Coloro che li vedranno ne avranno stima,
perché essi sono la stirpe che il Signore ha benedetto.

L’Olio dei catecumeni è mezzo sacramentale con il quale il Signore concede energie e vigore a coloro che iniziano il cammino cristiano. E richiama i già battezzati alla grazia battesimale perché i discepoli di Cristo siano illuminati dalla sapienza soprannaturale, comprendano sempre più profondamente il Vangelo della salvezza, siano sostenuti dalla potenza divina nel vivere con impegno il dono della fede e gustino la gioiosa fierezza di essere parte viva della Chiesa.

3.
Una seconda parola è vicinanza.
Ho paura di chi ha scelto l’isolamento come modalità di esistenza. Ho paura per un prete che non sa farsi vicino alla sua gente, che non vuole “abitare” fra le persone a cui è mandato.
La prima grande testimonianza che il prete può offrire agli uomini e alle donne di oggi è quella di abitare tra di loro. Abitare nel senso di stare con la mente e con il cuore, non solo con il corpo, tra il gregge affidato. Si tratta dello “odore delle pecore” di cui parla il Papa.
Come Gesù, il Dio-con-noi, l’Emmanuele che venne ad abitare in mezzo a noi.
Nazaret, dice il luogo dove Gesù è cresciuto, il luogo della sua abitazione terrena, il luogo della sua identità storica. Il Nazareno così verrà chiamato, con il nome che gli ha dato la sua città, Nazaret in Galilea.
Lui è il Signore che si fa vicino donando la vita al Padre e agli uomini fratelli, lui è il Maestro che chiede ai suoi discepoli la testimonianza della fedeltà e dell’amore generoso.
Dall’evento della sua Pasqua, il tempo è stato inondato di grazia, è stato fatto tempo di Dio, cioè tempo di salvezza. Anche questo nostro tempo è davvero tempo di Dio.
Il nostro è, dunque, tempo di grazia, è kairòs. È cioè tempo propizio alla conversione che si declina adorando Colui che è, che era e che viene, l’Onnipotente! E crescendo nell’appartenenza a lui che è l’Alfa e l’Omega, Signore dei secoli e della storia.
Ciò significa curare lo sguardo per riuscire a vedere in azione il Dio della storia che attraversa e fa anche questa nostra storia, drammatica ed impegnativa, autentica occasione di redenzione e di vita.
Abitare i giorni che la Provvidenza ci dona è anche fare esperienza di ciò a cui non si è abituati, è imparare a vedere le “piazze” spesso confuse e tremolanti degli uomini di oggi, è desiderare l’apertura alle sorprese di Dio.
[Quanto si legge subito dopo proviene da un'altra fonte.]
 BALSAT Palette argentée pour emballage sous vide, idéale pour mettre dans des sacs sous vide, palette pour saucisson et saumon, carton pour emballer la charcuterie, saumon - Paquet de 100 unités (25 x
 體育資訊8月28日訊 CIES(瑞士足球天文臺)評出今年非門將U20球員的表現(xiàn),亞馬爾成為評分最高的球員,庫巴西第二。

L’Olio degli Infermi che tra poco benediremo è il segno sacramentale della consolazione che viene da Dio per recare sollievo ai malati e liberarli dalla malattia, con l’angoscia e la sofferenza che l’accompagnano.

Rm 12,12–13
[12] Siate lieti nella speranza, forti nella tribolazione, perseveranti nella preghiera, [13] solleciti per le necessità dei fratelli, premurosi nell’ospitalità.
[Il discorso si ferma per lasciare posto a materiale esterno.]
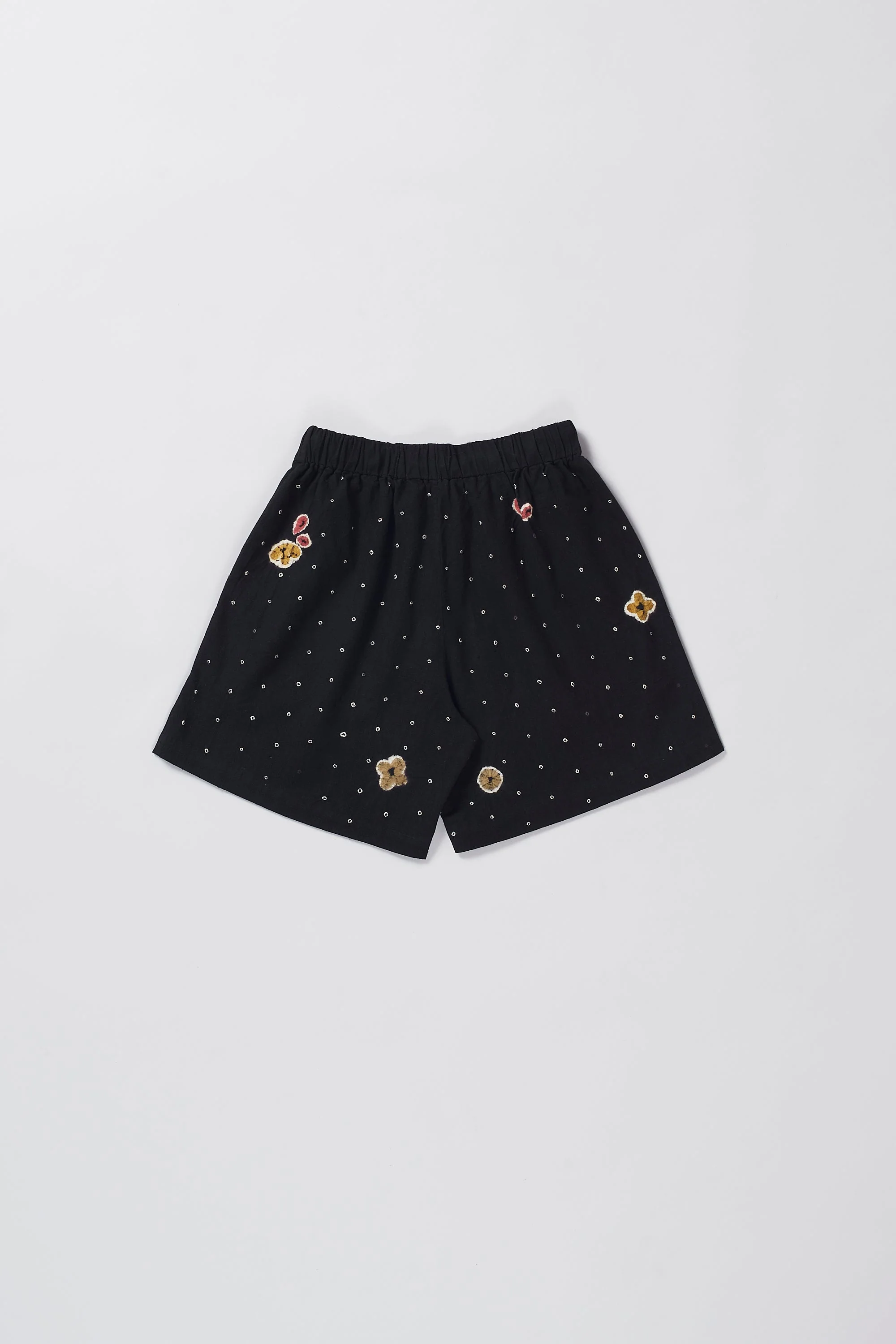 A pair of unisex drawstring shorts made in fine cotton. Crafted with a blend of bandhani and multicoloured handpainted shibori motifs.

Quell’Olio è segno della vicinanza dei discepoli del Nazareno crocifisso e risorto ai fratelli e alle sorelle che sono nella sofferenza. È segno della compassione che anima l’agire della Chiesa, riverbero della compassione del suo Signore.
L’Olio degli infermi è dunque richiamo a non lasciare inevaso il grido di dolore che si leva da ogni parte della terra, ed interpella il cuore dei cristiani e del Popolo santo di Dio.

4.
La terza parola è accompagnamento.
Ho paura di coloro che preferiscono la comodità della poltrona alla fatica del cammino. Ho paura per un prete che non sa o non vuole imparare ad accompagnare i fratelli nell’arduo cammino della fede e della santità.
Accompagnare significa non vergognarsi di condividere le proprie e le altrui debolezze, né disdegnare di piangere con chi piange e di gioire con chi gioisce. Significa riconoscere le fatiche e le angustie, le conquiste e le speranze del proprio prossimo, ed avere il coraggio e la generosità di farle proprie.

Rm 12,14–15
[14] Benedite coloro che vi perseguitano, benedite e non maledite.
[15] Rallegratevi con quelli che sono nella gioia, piangete con quelli che sono nel pianto.

Accompagnare porta ad affrontare le ansie di questo nostro tempo, senza chiudersi alle prospettive di futuro e di rinascita, che le divine promesse lasciano intravvedere. Accompagnare per cogliere le sfumature inedite del tempo presente, ed aprirsi al domani del Dio dell’impossibile.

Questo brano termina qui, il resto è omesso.